▶ **Your assignment**
Reproduce the entries verbatim; no pictures.
::::
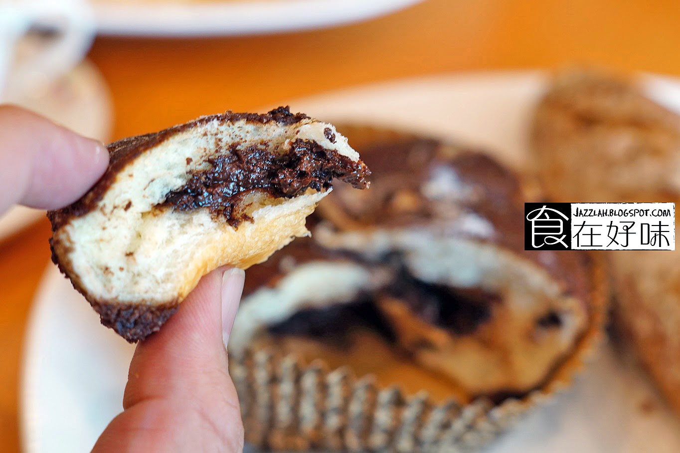 巧克力情人Chocolatine【RM3】 巧克力情人给我的印象嘛...应该是黑黑的、巧克力肤色的那种情人囖,哈哈~ 不过黑黑有时没有什么不好嘛,终于是够Sweet,正所谓“黑金、黑金,越看越入心” 如果喜欢吃甜的朋友,这位黑黑情人巧克力情人就合你口味啦 非常松软的面包裹着一层巧克力面衣,而内陷塞满了巧克力,而且毫不吝啬地给了很多巧克力 吃起来好像涂抹Nutella的面包但又不会来得太甜腻~
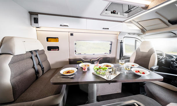 Met een lengte van slechts 5,99 meter slaagt de Davis 595 erin om een woonruimte met 5 zitplaatsen en een slaapruimte voor 5 personen te combineren met een ruime badkamer met aparte douche en uitneembare stapelbedden. Hiervoor is de Davis 595 altijd uitgerust met een hefdak. De woonruimte kan in een paar eenvoudige stappen worden omgebouwd van een gezellige L-vormige zithoek naar 5 zitplaatsen – of naar een extra bed voor de nacht.
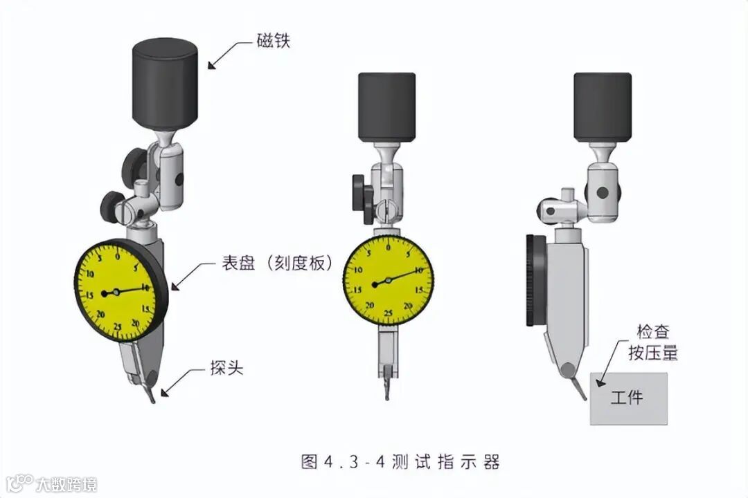 此处常用的是图4.3-4所示的“测试指示器”。它也被称为Pick Gauge(pick)等。测试指示器是一款适用于各种场合的优秀产品。可以通过将称为“探头”的杠杆式顶端部压在对象物上来检测其位移量。
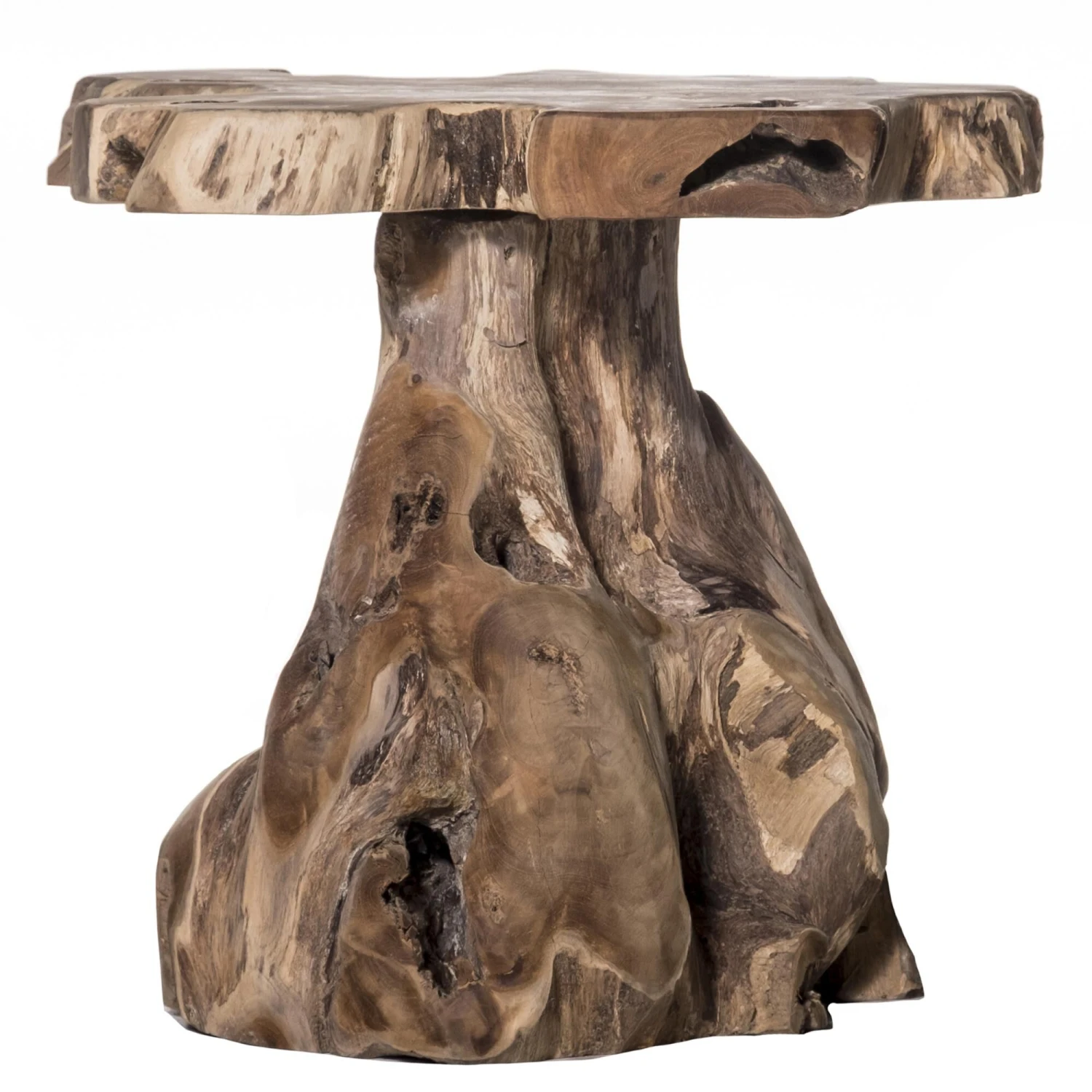A striking piece made of beautiful teak, the Jakarta Stool features a natural finish along its rugged edges and base. The smooth top surface provides a useful space in a living or guest room, while the thick trunk gives the stool a commanding presence. Functional and rustic, this piece showcases its inherent beauty throughout its stout design.Features -Due to the production process, each piece is unique and no two are exactly alikeTable is created from solid teak wood that has a natural matte finish.Teak wood table has a free form teak wood base & table top edges.Table has hollowed out area’s found within the teak wood which can be seen in both the base & table top.Table comes completely assembled.Specifications -Weight Capacity: 75Location Rating: Dry
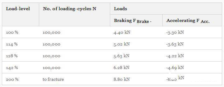在常规道路使用中,控制臂在几个方向上受到随机载荷。为了在单轴试验中获得相同的损伤,设计了一种与损伤等效的加载方式。施加的减速度为4.4 kN,加速度为-3.3 kN,施加100,000次循环。 一旦达到该循环次数而没有可见或可测量的部件损坏,则在增加的负载下应用另外100,000次循环。这在表1中描述。
::::
▶ **Result of this exercise**
 巧克力情人Chocolatine【RM3】 巧克力情人给我的印象嘛...应该是黑黑的、巧克力肤色的那种情人囖,哈哈~ 不过黑黑有时没有什么不好嘛,终于是够Sweet,正所谓“黑金、黑金,越看越入心” 如果喜欢吃甜的朋友,这位黑黑情人巧克力情人就合你口味啦 非常松软的面包裹着一层巧克力面衣,而内陷塞满了巧克力,而且毫不吝啬地给了很多巧克力 吃起来好像涂抹Nutella的面包但又不会来得太甜腻~
 Met een lengte van slechts 5,99 meter slaagt de Davis 595 erin om een woonruimte met 5 zitplaatsen en een slaapruimte voor 5 personen te combineren met een ruime badkamer met aparte douche en uitneembare stapelbedden. Hiervoor is de Davis 595 altijd uitgerust met een hefdak. De woonruimte kan in een paar eenvoudige stappen worden omgebouwd van een gezellige L-vormige zithoek naar 5 zitplaatsen – of naar een extra bed voor de nacht.
 此处常用的是图4.3-4所示的“测试指示器”。它也被称为Pick Gauge(pick)等。测试指示器是一款适用于各种场合的优秀产品。可以通过将称为“探头”的杠杆式顶端部压在对象物上来检测其位移量。
A striking piece made of beautiful teak, the Jakarta Stool features a natural finish along its rugged edges and base. The smooth top surface provides a useful space in a living or guest room, while the thick trunk gives the stool a commanding presence. Functional and rustic, this piece showcases its inherent beauty throughout its stout design.Features -Due to the production process, each piece is unique and no two are exactly alikeTable is created from solid teak wood that has a natural matte finish.Teak wood table has a free form teak wood base & table top edges.Table has hollowed out area’s found within the teak wood which can be seen in both the base & table top.Table comes completely assembled.Specifications -Weight Capacity: 75Location Rating: Dry
在常规道路使用中,控制臂在几个方向上受到随机载荷。为了在单轴试验中获得相同的损伤,设计了一种与损伤等效的加载方式。施加的减速度为4.4 kN,加速度为-3.3 kN,施加100,000次循环。 一旦达到该循环次数而没有可见或可测量的部件损坏,则在增加的负载下应用另外100,000次循环。这在表1中描述。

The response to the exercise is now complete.